> [GIVEN RECORDS]
* * *

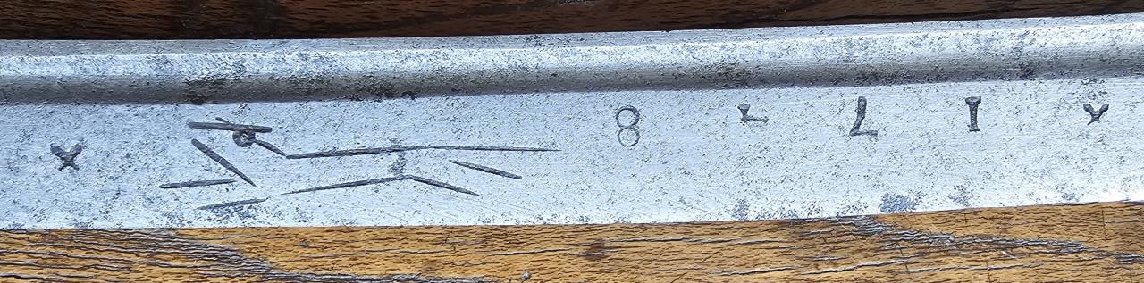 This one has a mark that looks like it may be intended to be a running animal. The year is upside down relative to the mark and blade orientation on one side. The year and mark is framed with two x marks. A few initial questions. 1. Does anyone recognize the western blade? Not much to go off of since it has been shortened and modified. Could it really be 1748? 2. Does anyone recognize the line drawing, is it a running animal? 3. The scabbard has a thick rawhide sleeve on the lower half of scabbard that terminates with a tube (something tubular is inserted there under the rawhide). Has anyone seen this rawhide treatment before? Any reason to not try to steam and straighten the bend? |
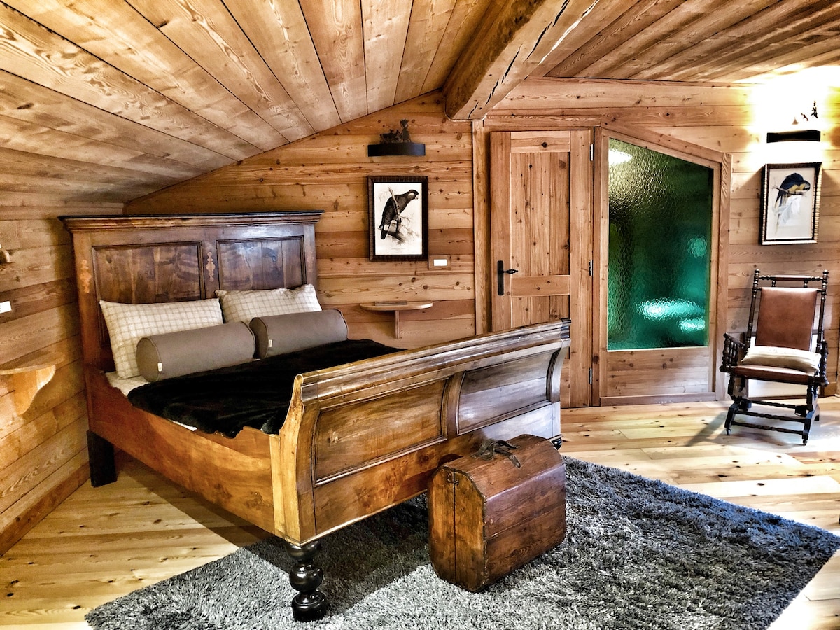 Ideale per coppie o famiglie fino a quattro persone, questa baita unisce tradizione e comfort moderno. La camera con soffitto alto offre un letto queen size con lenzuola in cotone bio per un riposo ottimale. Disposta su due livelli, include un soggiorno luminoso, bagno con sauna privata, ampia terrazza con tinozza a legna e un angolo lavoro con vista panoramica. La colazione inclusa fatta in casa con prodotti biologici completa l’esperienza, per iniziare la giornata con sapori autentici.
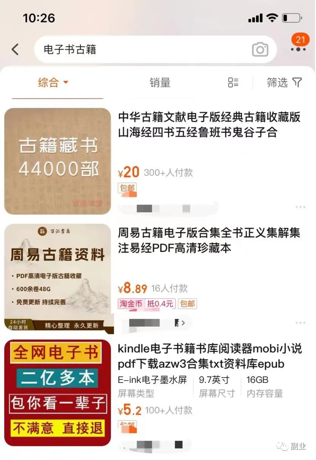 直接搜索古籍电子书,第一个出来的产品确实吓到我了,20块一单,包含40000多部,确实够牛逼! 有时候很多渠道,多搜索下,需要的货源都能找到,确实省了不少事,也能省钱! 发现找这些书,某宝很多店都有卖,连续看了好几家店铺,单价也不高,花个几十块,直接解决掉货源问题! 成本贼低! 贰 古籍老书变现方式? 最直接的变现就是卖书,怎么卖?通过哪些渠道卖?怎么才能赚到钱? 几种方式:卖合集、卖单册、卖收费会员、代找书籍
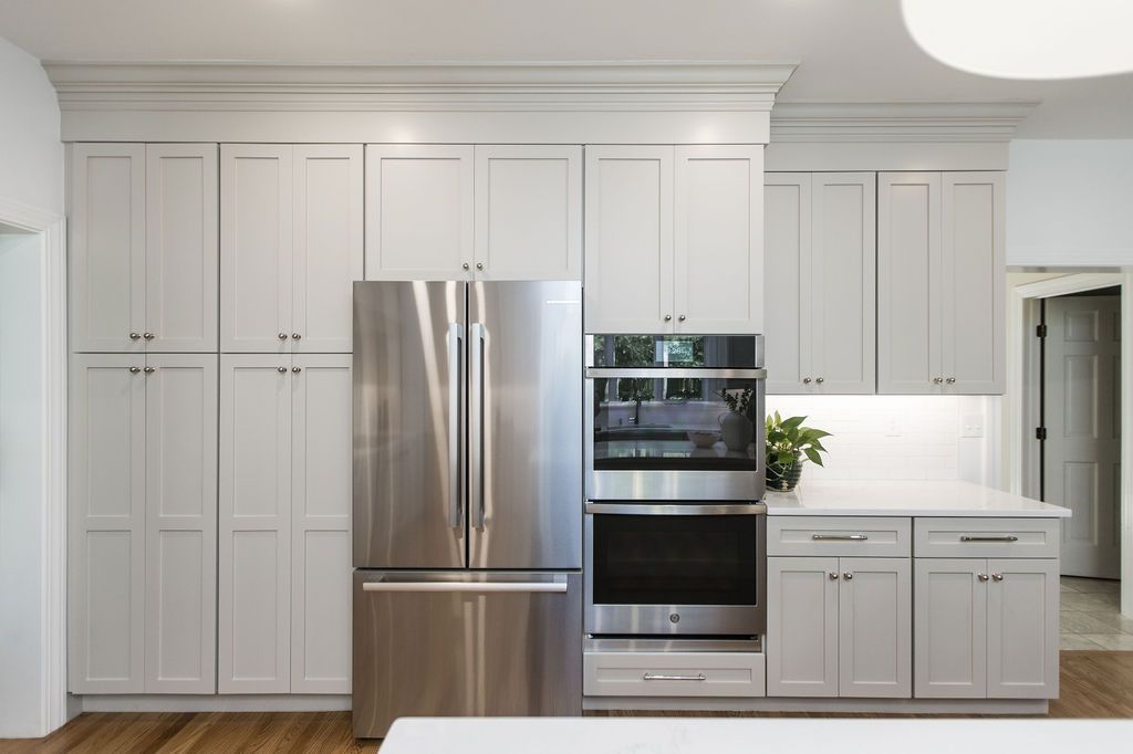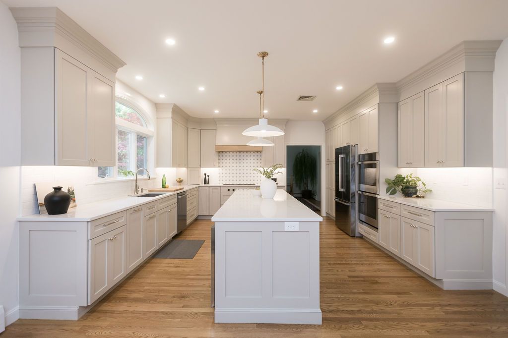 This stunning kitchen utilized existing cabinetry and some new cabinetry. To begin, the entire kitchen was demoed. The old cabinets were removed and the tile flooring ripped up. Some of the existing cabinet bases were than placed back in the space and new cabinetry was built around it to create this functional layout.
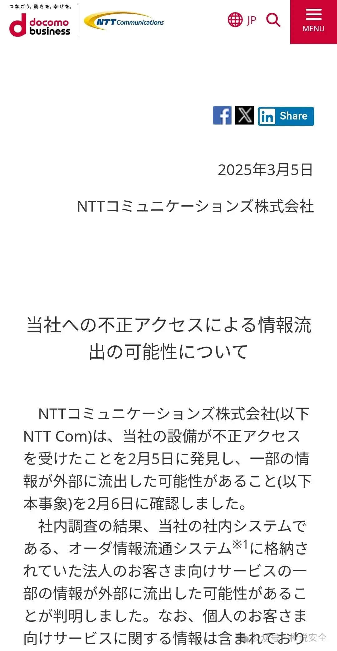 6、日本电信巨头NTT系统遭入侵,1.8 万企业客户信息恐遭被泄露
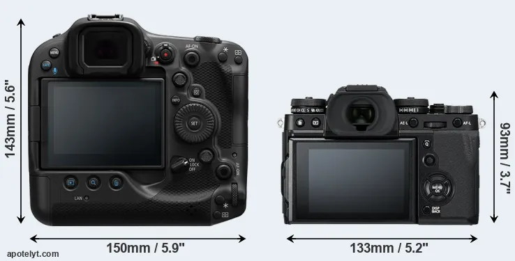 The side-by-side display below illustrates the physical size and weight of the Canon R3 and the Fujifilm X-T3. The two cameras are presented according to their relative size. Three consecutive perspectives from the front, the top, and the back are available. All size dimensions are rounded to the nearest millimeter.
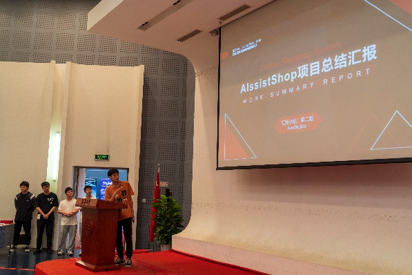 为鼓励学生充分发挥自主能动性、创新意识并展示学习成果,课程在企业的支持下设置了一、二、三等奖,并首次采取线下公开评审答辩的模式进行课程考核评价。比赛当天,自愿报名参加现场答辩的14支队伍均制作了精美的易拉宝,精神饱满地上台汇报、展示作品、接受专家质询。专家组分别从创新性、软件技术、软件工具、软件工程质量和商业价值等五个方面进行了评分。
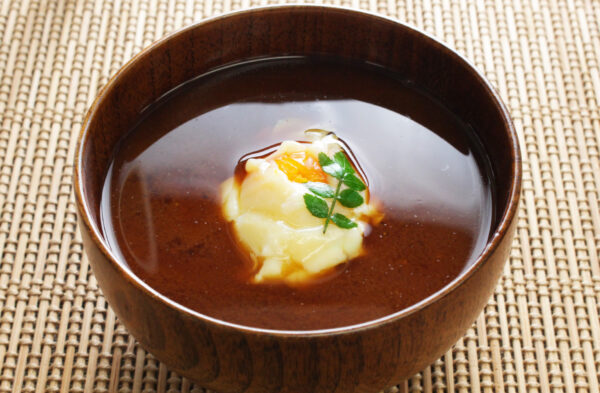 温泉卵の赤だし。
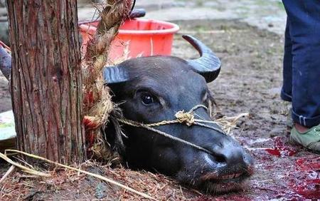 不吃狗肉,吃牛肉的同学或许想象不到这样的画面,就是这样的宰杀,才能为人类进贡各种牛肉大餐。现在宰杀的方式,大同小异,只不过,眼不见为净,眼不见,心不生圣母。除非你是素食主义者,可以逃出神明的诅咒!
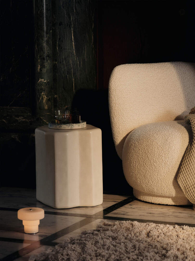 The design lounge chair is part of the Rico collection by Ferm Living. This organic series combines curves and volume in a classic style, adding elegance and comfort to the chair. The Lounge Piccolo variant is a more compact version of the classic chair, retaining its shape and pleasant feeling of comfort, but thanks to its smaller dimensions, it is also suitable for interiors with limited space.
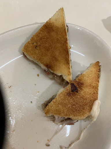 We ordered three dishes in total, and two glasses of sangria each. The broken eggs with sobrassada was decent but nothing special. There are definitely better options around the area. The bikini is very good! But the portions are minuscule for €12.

* * *

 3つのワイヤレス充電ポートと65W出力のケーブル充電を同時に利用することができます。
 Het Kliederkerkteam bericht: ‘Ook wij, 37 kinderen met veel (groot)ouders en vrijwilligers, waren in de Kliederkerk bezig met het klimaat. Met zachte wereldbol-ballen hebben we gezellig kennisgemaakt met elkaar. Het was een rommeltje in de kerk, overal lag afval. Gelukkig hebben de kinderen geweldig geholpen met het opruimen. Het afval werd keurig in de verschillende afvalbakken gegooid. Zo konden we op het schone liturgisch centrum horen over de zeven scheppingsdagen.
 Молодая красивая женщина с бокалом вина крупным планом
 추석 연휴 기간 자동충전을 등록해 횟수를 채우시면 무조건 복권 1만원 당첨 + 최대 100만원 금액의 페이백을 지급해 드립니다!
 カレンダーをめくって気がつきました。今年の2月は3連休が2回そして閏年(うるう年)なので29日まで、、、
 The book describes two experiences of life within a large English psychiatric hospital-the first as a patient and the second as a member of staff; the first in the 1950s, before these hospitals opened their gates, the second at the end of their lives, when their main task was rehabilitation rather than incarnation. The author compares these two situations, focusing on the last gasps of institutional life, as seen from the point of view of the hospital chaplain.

* * *

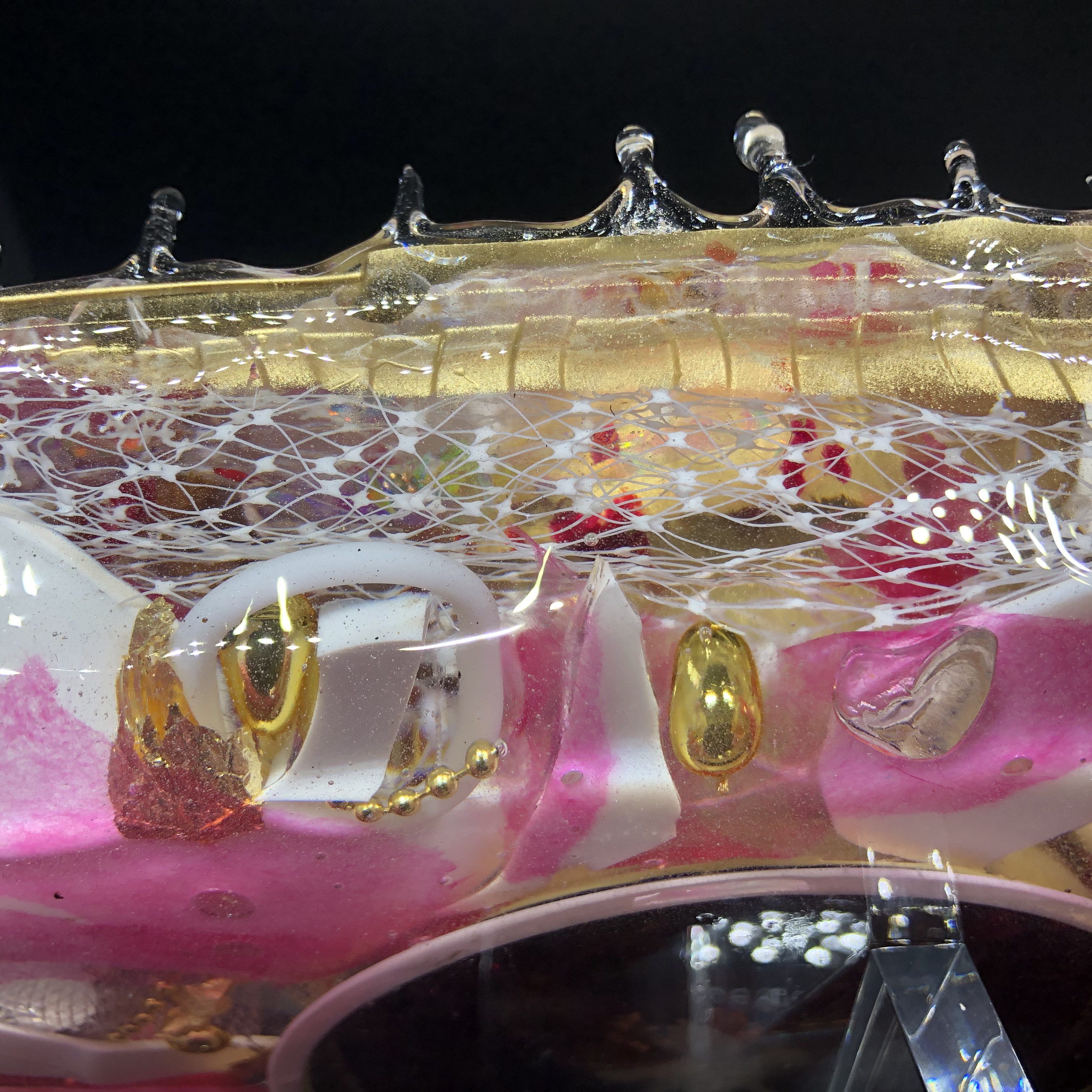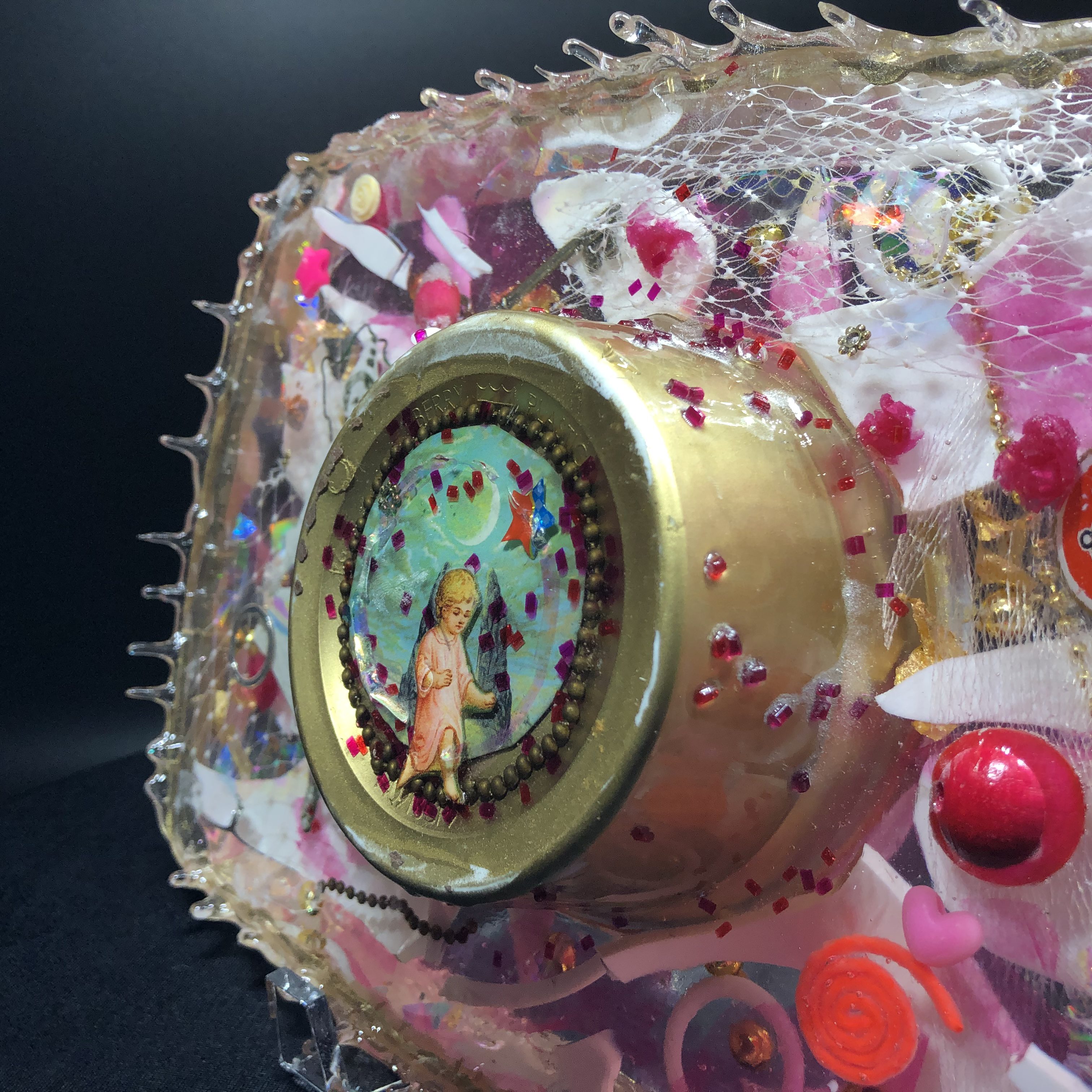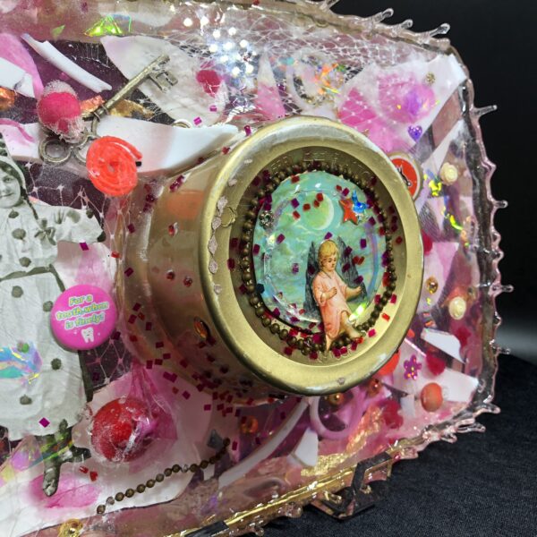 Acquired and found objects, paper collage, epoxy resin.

* * *

> [WHAT THIS TASK INVOLVES]
Within the material above, the line with "Het Kliederkerkteam bericht: ‘Ook" opens the range and the line with "The book describes" closes it; reproduce that range word for word.

> [RESPONSE TO THIS EXERCISE]
 Het Kliederkerkteam bericht: ‘Ook wij, 37 kinderen met veel (groot)ouders en vrijwilligers, waren in de Kliederkerk bezig met het klimaat. Met zachte wereldbol-ballen hebben we gezellig kennisgemaakt met elkaar. Het was een rommeltje in de kerk, overal lag afval. Gelukkig hebben de kinderen geweldig geholpen met het opruimen. Het afval werd keurig in de verschillende afvalbakken gegooid. Zo konden we op het schone liturgisch centrum horen over de zeven scheppingsdagen.
 Молодая красивая женщина с бокалом вина крупным планом
 추석 연휴 기간 자동충전을 등록해 횟수를 채우시면 무조건 복권 1만원 당첨 + 최대 100만원 금액의 페이백을 지급해 드립니다!
 カレンダーをめくって気がつきました。今年の2月は3連休が2回そして閏年(うるう年)なので29日まで、、、
 The book describes two experiences of life within a large English psychiatric hospital-the first as a patient and the second as a member of staff; the first in the 1950s, before these hospitals opened their gates, the second at the end of their lives, when their main task was rehabilitation rather than incarnation. The author compares these two situations, focusing on the last gasps of institutional life, as seen from the point of view of the hospital chaplain.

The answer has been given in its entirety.